→ **Brief**
Return exactly the lines of the records below, starting at the line that contains "7. 具有网状叶脉的叶片上可" and ending at the line that contains "A Yueli gyár", with both of those lines kept.

→ **Records excerpted from a collection**
<<<<
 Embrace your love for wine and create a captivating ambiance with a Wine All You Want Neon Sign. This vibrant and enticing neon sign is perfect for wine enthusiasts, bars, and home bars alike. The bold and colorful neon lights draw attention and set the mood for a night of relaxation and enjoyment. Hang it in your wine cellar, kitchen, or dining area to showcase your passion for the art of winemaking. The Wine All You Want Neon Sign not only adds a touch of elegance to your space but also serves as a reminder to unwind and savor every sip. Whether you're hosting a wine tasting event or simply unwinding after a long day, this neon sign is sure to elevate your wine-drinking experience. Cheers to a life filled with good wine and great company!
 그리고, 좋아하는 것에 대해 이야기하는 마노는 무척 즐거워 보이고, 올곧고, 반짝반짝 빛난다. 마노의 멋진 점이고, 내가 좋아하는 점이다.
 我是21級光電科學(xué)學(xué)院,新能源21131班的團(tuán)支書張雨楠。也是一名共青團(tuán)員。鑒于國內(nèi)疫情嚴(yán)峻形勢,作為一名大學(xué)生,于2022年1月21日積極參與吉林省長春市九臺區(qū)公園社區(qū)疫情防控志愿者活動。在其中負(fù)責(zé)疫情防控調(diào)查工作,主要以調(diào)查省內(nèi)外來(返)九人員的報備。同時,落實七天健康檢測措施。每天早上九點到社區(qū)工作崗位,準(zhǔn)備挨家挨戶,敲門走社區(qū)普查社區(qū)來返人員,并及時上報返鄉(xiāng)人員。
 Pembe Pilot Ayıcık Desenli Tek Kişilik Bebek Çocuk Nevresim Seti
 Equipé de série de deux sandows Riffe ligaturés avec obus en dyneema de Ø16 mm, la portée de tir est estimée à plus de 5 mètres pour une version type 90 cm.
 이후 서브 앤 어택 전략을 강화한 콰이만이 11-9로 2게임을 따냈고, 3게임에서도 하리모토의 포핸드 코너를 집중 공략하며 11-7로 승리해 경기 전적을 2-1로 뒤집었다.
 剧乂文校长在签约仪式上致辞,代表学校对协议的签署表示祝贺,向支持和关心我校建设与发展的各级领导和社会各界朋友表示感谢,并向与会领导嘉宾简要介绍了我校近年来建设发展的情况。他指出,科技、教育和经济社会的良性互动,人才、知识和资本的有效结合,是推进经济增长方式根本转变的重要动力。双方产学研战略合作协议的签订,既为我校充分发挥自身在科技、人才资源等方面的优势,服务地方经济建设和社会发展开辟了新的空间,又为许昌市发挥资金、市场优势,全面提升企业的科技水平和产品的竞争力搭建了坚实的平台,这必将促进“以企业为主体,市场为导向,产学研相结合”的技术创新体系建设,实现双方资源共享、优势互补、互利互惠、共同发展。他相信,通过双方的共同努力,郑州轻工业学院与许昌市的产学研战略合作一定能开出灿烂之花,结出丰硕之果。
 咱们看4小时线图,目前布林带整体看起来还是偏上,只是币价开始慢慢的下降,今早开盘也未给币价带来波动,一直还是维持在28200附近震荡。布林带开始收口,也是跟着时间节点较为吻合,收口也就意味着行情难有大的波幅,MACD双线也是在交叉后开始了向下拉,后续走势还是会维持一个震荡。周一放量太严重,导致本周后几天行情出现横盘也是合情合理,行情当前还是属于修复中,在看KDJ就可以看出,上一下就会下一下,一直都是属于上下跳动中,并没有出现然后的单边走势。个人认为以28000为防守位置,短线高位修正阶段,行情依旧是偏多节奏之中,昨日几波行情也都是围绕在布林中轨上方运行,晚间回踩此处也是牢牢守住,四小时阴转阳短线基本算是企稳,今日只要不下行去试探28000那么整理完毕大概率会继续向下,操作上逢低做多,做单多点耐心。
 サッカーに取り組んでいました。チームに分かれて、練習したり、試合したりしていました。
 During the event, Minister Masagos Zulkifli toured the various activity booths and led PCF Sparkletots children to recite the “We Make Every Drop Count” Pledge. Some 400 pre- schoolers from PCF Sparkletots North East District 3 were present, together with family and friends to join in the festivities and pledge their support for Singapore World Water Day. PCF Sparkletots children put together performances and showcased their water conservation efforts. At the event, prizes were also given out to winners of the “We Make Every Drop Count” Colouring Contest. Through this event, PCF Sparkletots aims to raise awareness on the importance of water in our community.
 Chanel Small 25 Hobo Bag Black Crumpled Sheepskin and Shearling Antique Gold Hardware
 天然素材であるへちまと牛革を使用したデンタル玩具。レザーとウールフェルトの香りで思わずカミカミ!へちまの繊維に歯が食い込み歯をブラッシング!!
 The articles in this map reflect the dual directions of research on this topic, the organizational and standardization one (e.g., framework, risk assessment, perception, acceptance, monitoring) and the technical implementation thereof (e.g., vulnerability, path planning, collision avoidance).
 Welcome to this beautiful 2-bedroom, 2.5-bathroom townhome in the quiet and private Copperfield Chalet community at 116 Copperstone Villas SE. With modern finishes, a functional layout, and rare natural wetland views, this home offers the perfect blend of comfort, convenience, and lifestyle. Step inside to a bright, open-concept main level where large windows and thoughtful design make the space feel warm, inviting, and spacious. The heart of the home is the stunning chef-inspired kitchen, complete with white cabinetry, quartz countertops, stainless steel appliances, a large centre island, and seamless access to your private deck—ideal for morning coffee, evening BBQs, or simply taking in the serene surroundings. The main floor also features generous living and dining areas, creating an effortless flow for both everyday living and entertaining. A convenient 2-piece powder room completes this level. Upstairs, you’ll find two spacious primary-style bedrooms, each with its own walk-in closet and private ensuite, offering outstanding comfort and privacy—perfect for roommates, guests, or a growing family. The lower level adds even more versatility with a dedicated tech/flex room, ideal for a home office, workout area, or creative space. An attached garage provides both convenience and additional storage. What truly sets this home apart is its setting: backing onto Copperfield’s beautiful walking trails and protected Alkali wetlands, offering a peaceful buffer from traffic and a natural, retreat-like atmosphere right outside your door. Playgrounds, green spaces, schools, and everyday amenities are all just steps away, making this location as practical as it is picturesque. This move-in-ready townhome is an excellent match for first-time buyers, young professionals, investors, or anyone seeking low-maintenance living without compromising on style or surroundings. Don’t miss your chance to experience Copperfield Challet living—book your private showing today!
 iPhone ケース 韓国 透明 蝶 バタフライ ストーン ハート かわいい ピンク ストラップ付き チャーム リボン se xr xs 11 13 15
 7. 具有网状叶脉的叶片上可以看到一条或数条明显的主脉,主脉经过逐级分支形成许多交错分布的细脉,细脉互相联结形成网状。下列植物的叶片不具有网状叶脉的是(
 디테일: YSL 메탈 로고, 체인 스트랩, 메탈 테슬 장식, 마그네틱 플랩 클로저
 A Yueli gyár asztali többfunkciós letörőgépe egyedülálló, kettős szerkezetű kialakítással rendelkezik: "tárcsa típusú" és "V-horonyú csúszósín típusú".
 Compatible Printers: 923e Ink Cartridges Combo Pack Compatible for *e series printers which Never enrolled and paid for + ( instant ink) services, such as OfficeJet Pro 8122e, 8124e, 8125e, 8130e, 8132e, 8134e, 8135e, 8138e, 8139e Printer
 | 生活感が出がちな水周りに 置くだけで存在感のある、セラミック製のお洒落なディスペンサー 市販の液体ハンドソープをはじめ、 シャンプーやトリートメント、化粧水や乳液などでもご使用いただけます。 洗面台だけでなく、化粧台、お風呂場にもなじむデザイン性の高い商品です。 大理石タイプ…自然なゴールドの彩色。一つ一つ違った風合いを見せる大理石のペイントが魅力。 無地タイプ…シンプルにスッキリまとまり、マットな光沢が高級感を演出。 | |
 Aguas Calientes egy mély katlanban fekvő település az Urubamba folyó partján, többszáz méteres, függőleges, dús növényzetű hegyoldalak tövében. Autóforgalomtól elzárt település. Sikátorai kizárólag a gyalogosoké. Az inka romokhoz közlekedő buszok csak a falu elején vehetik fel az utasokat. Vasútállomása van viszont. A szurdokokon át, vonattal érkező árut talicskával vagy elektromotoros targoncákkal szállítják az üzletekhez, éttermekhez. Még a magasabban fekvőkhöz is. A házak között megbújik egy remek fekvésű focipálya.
>>>>
→ **The completed task**
 7. 具有网状叶脉的叶片上可以看到一条或数条明显的主脉,主脉经过逐级分支形成许多交错分布的细脉,细脉互相联结形成网状。下列植物的叶片不具有网状叶脉的是(
 디테일: YSL 메탈 로고, 체인 스트랩, 메탈 테슬 장식, 마그네틱 플랩 클로저
 A Yueli gyár asztali többfunkciós letörőgépe egyedülálló, kettős szerkezetű kialakítással rendelkezik: "tárcsa típusú" és "V-horonyú csúszósín típusú".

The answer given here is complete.